Work instructions
Below are some records. Return exactly their lines from the one containing "工作泵(舉升泵)供油進入QS" through the one containing "Prijzen zijn onder", and drop the pictures.

Given data
%%

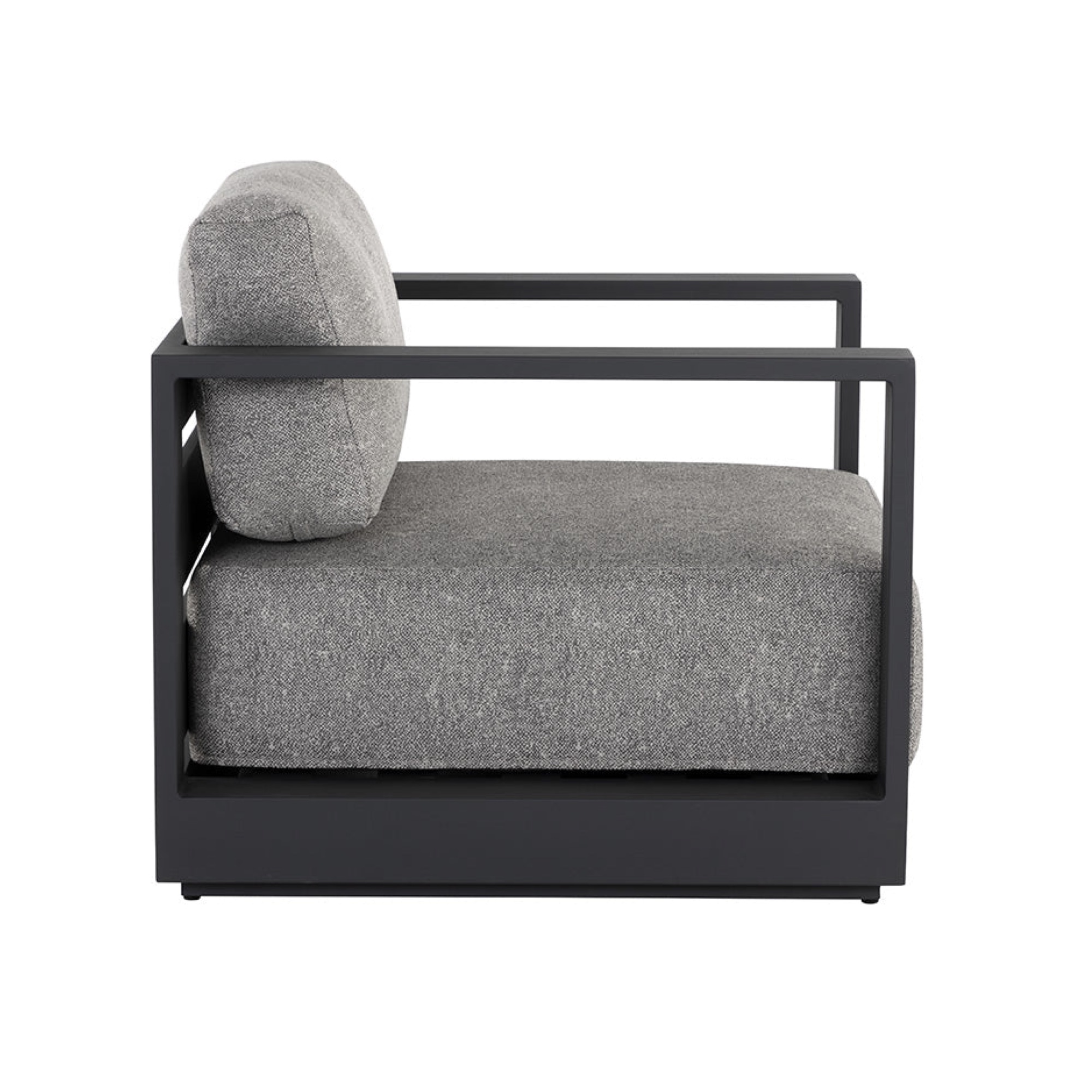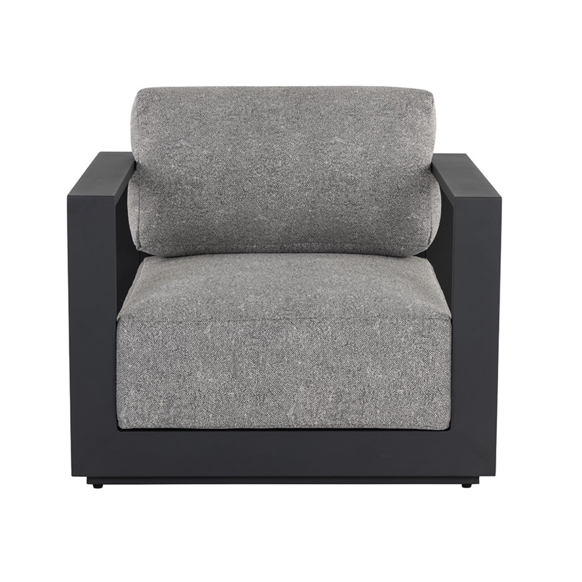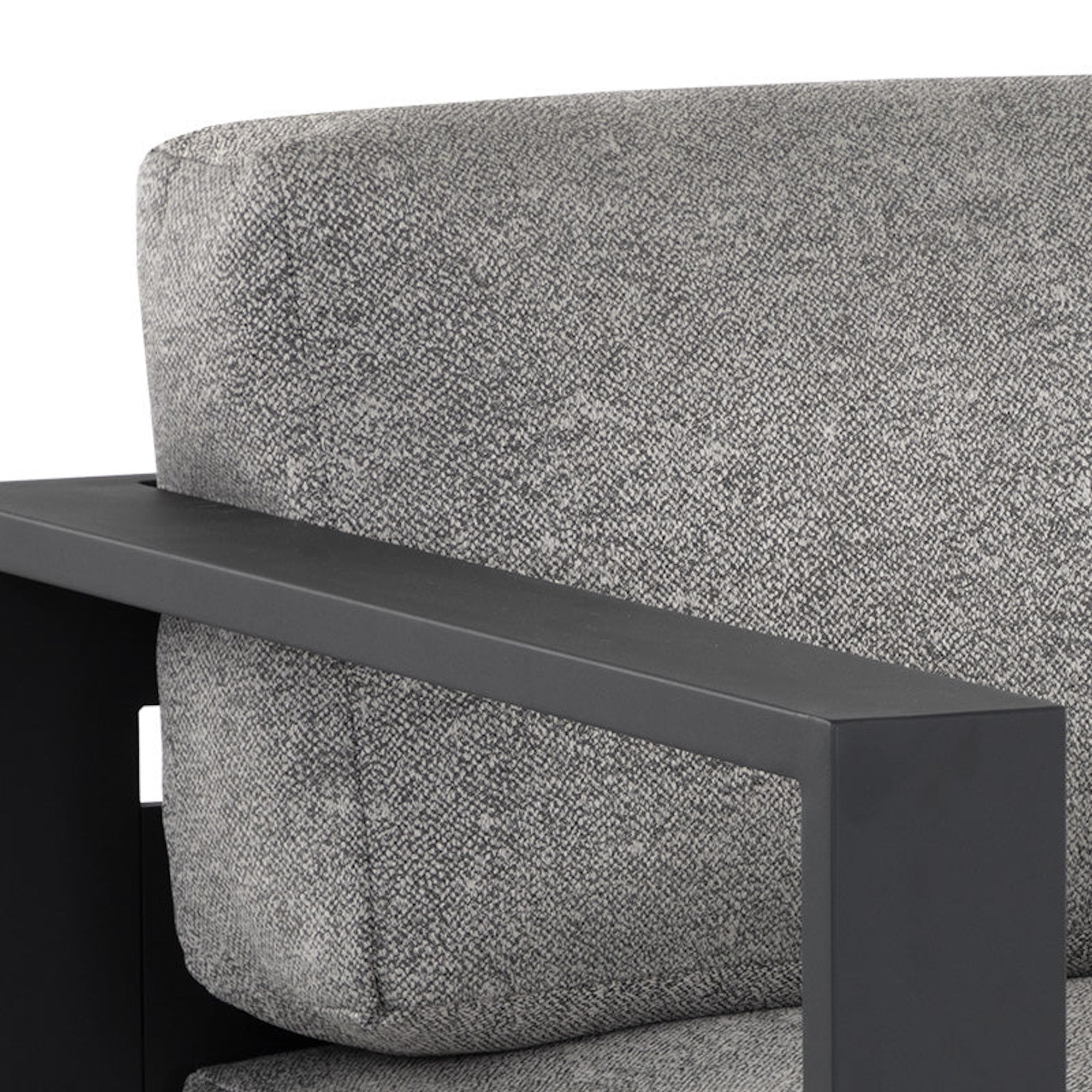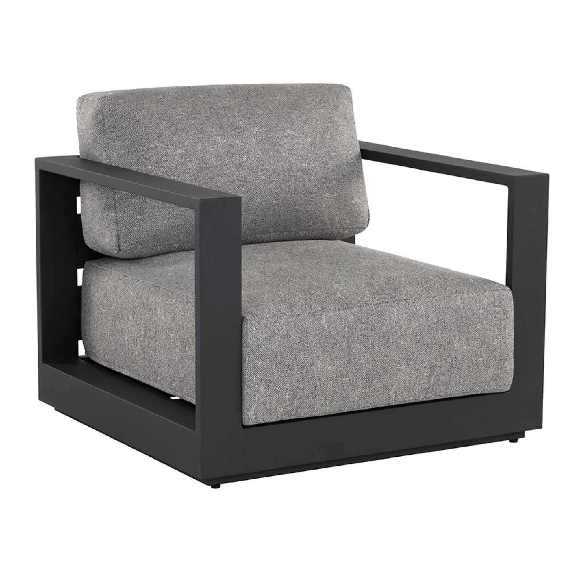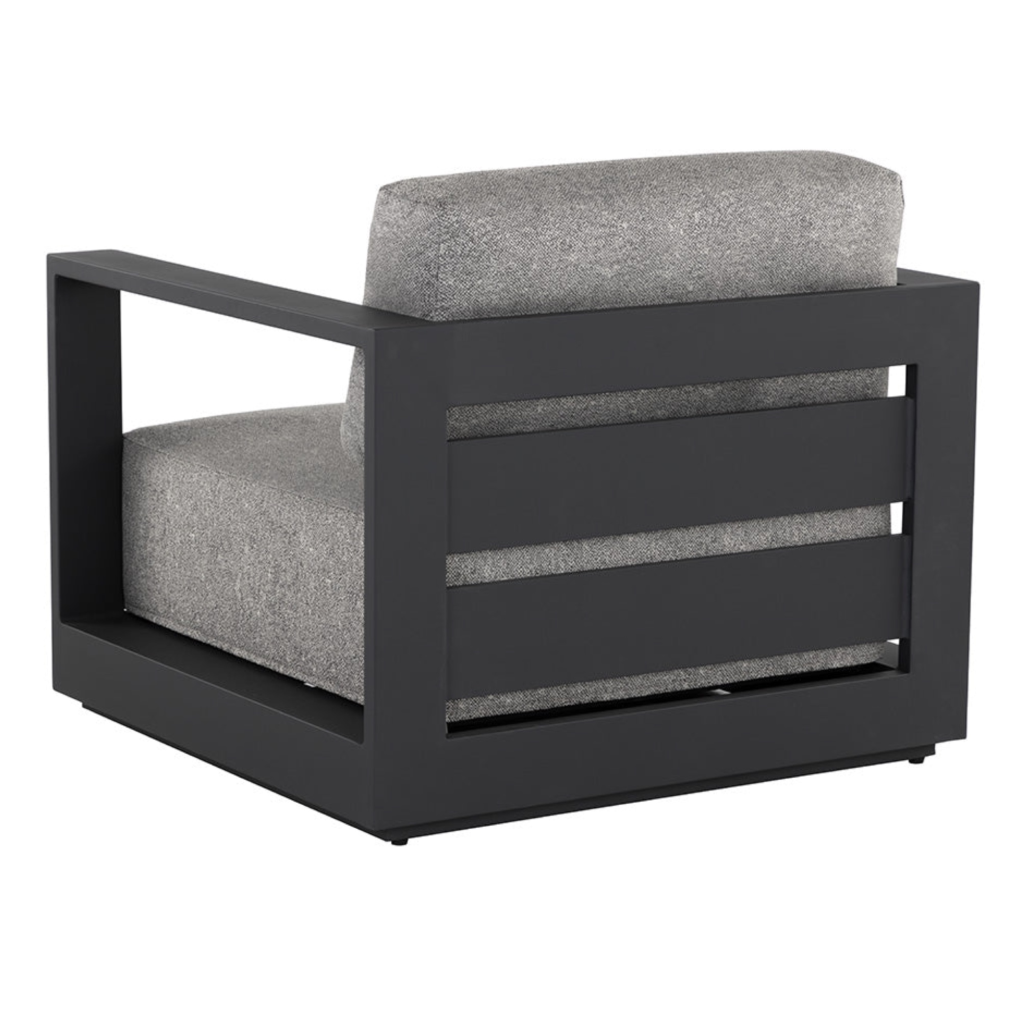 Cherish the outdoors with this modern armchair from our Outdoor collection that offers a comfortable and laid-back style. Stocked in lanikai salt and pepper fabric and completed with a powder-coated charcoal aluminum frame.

%%
%%

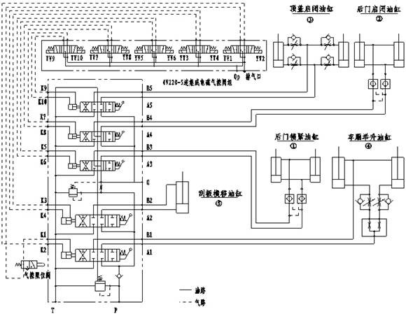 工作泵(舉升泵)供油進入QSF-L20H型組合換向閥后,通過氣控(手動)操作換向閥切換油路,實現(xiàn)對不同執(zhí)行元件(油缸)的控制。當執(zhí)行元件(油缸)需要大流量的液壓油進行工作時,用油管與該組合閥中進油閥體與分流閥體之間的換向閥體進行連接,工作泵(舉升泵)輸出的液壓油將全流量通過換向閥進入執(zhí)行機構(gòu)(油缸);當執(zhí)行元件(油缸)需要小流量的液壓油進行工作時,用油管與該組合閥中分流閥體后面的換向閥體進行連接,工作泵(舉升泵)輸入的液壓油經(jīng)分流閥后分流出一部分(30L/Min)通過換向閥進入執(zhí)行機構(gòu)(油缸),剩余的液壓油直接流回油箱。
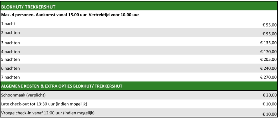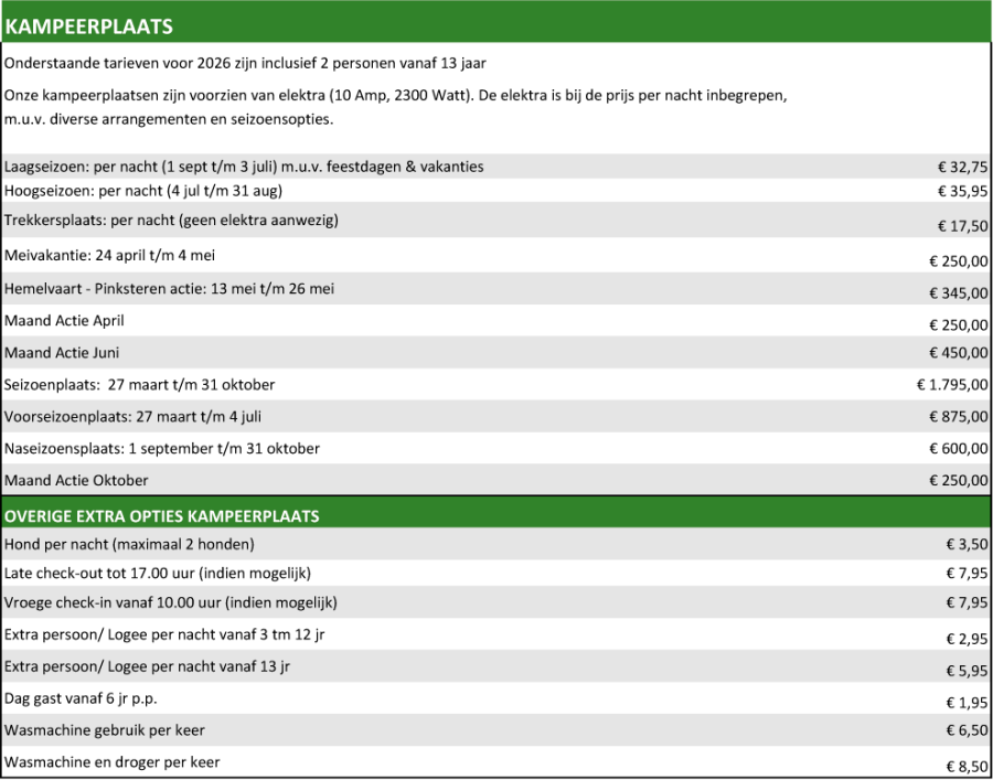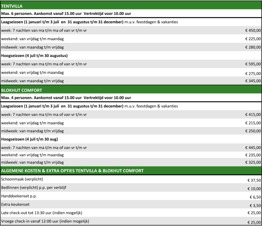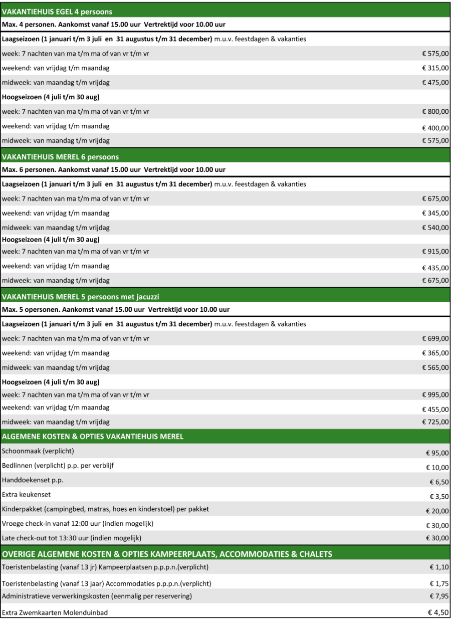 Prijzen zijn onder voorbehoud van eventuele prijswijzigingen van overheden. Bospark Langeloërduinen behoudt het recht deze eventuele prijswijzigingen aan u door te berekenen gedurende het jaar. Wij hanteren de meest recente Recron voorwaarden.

%%

Task response
 工作泵(舉升泵)供油進入QSF-L20H型組合換向閥后,通過氣控(手動)操作換向閥切換油路,實現(xiàn)對不同執(zhí)行元件(油缸)的控制。當執(zhí)行元件(油缸)需要大流量的液壓油進行工作時,用油管與該組合閥中進油閥體與分流閥體之間的換向閥體進行連接,工作泵(舉升泵)輸出的液壓油將全流量通過換向閥進入執(zhí)行機構(gòu)(油缸);當執(zhí)行元件(油缸)需要小流量的液壓油進行工作時,用油管與該組合閥中分流閥體后面的換向閥體進行連接,工作泵(舉升泵)輸入的液壓油經(jīng)分流閥后分流出一部分(30L/Min)通過換向閥進入執(zhí)行機構(gòu)(油缸),剩余的液壓油直接流回油箱。
 Prijzen zijn onder voorbehoud van eventuele prijswijzigingen van overheden. Bospark Langeloërduinen behoudt het recht deze eventuele prijswijzigingen aan u door te berekenen gedurende het jaar. Wij hanteren de meest recente Recron voorwaarden.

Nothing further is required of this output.